Кинулся бы Черт на них, верно. Растерзал бы.
Только встали на дороге его красавицы. Кто за шею обнимает, кто в ногах валяется, кто руки целует.
– Батюшка, родненький наш!
Плачут, целуют, уговаривают.
– Нельзя нам без людей, батюшка, ты знаешь, мы им предназначены, людям, с ними повенчаны, нам без них никуда, угаснем ведь, сгорим свечечками…
Развернулся Черт. Ушел из терема вовсе, дверями по дороге хлопая. А калиткой так прихлопнул, что сорвал ее с петель вовсе, повисла на одной, скрипя…
Обрадовались деревенские. Вовсе пир горой пошел у них с красавицами. Забылись все страсти, что пережиты.
Но, как ни молоды крестьянские дети, как ни крепки, а сон с ног валит к полуночи. Затеялись спать. Тут Николушка удивил всех.
– Дозвольте, говорит, девицы, сынам крестьянским до конца порадоваться, по полному разряду. Положите спать нас в своей спаленке, да шалями своими укройте. От смерти спасли, от холода ночного и голода, от нечисти лесной укрыли, от батюшки вашего. Выполните и это наше желание. То-то сны нам будут сниться на перине, разочек в жизни, может, и порадуемся.
А девицы что же, им приятно. Поменялись спаленками; а там и шалями на шапки. И нам, говорят, интересно. Нам тоже крестьянские сны не снились еще никогда, нам в охотку…
Хитер Николушка, хитер; он на чертову злость и опрометчивость рассчитывал. И не ошибся, крестьянский сын.
Ворвался ночью Черт в ту спаленку, где постелено было парням, да снес головы в шапках крестьянских, не утруждаясь проверкой. Русским духом, видно, и от шапок, что на головах у девиц, несло…
Николушка всех разбудил, рассказал, что случилось. Он ведь глаза натер пряностями заморскими, что на столе у красавиц были. Глаза от слез вытер все, да не спал.

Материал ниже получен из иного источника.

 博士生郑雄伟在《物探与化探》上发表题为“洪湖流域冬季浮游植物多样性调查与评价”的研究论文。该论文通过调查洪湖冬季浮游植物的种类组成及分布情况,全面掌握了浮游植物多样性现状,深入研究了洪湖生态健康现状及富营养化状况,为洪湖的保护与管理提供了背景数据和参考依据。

Собрались все, да потихоньку, полегоньку, стараясь не потревожить бабку и Черта, из дому-то выбрались.
А идти-то куда? Скоро уж свет, да петухи запоют, можно тогда нечисти не бояться лесной, а покуда она в лесу правит.
Как от дома отошли чуть-чуть, отбежали, снова Николушка надумал верное.

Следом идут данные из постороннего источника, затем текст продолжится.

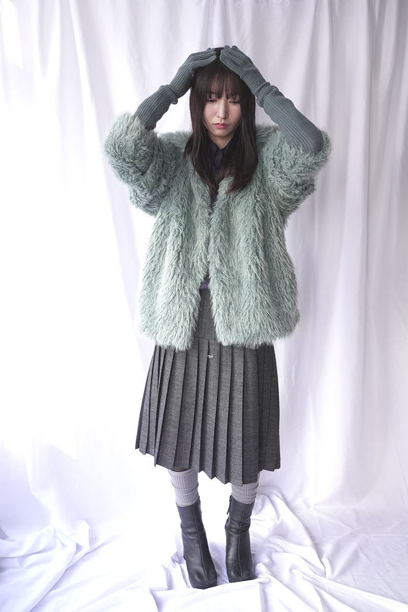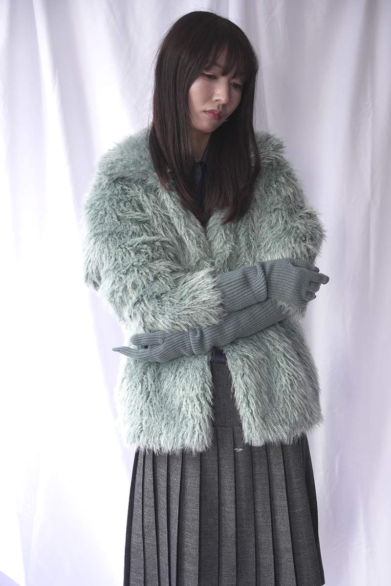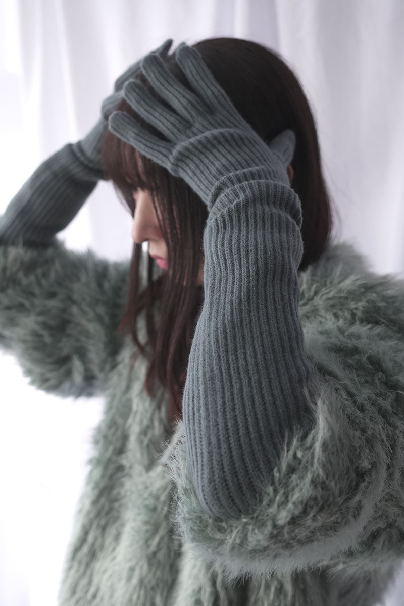 EXTRA FINE MERINO WOOL KNIT LONG GLOVES / BLUE GRAY

Поясной поклон опять, да в слезы!
– Дедушка лесовик! Не в обиде мы на тебя, что в чертов дом нас привел; ты пошутить любишь. А мы посмеяться. Только помоги и в этот раз, родимый, выручи. Что тебе и пообещать, не знаю. Давай уговор класть между нами; чего хочешь, проси.
Раздались в лесу уханье да хлопки в ладоши, только не показался им лесной. Тогда Николушка снова в поклон. И так-то говорит:
– Дядя леший! Покажись ни серым волком, ни чёрным вороном, ни елью жаровою, покажись таким, каков я…
Глядят, а вот он, леший. Сел на пенек, в руках лыко, вяжет лапоть, да огромный такой, словно лодка.
Николушка подтвердил уговор. Чего, говорит, есть мое у меня, да у ребятушек моих, а ты попросишь, дадим…
Встал леший с пенечка. В руках лыко у него. Стал плести, быстро-быстро, руками перебирая перед собою. И встала вокруг ребятишек чаща, такая уж, не двинуться, не повернуться. Закрыла их чаща нежданная, спрятала от терема. Но и сами уж они выбраться не могли. Уж и не помнят, как прожили все это время. Ломя кусты, через пни перелезая; плача и ругаясь.
Лишь на седьмую ночь, под утро, пали вдруг кусты и деревья, как не было их. И запел петух деревенский. Поняли парни, что закончились чары лешего, а Черт их перестал искать. И пошли-пошли в деревню тихонечко. Оказалось, рукой до нее подать…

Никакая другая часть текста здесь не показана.